— THE TASK —
The expected answer is the set of lines in the data below between the line holding "Tam sem že boljše" and the line holding "規(guī)模化生產電池價格降低趨勢(以18650電池為例)", inclusive, written out exactly.

— DATA PROVIDED —
- - - - -
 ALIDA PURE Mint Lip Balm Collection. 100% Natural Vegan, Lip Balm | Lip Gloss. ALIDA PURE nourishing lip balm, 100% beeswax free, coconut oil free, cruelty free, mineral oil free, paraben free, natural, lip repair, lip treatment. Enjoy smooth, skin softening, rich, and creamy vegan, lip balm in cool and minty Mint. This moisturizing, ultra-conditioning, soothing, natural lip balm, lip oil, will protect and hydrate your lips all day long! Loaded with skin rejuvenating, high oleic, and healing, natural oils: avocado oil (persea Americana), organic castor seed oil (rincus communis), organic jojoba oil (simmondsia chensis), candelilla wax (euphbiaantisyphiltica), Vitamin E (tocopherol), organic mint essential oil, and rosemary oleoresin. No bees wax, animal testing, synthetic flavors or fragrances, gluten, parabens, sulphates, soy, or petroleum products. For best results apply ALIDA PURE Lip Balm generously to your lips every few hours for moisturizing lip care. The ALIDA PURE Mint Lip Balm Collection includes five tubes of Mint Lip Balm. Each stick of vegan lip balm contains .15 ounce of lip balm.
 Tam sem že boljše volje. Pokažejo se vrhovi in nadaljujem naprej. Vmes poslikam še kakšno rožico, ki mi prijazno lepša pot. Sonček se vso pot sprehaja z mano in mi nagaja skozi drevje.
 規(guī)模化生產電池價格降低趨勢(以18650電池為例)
- - - - -
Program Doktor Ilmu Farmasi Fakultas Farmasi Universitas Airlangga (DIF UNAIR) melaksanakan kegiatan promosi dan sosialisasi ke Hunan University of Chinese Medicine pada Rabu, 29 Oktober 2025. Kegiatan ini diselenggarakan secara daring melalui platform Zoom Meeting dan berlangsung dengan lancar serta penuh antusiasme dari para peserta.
- - - - -
— RESPONSE AREA —
 Tam sem že boljše volje. Pokažejo se vrhovi in nadaljujem naprej. Vmes poslikam še kakšno rožico, ki mi prijazno lepša pot. Sonček se vso pot sprehaja z mano in mi nagaja skozi drevje.
 規(guī)模化生產電池價格降低趨勢(以18650電池為例)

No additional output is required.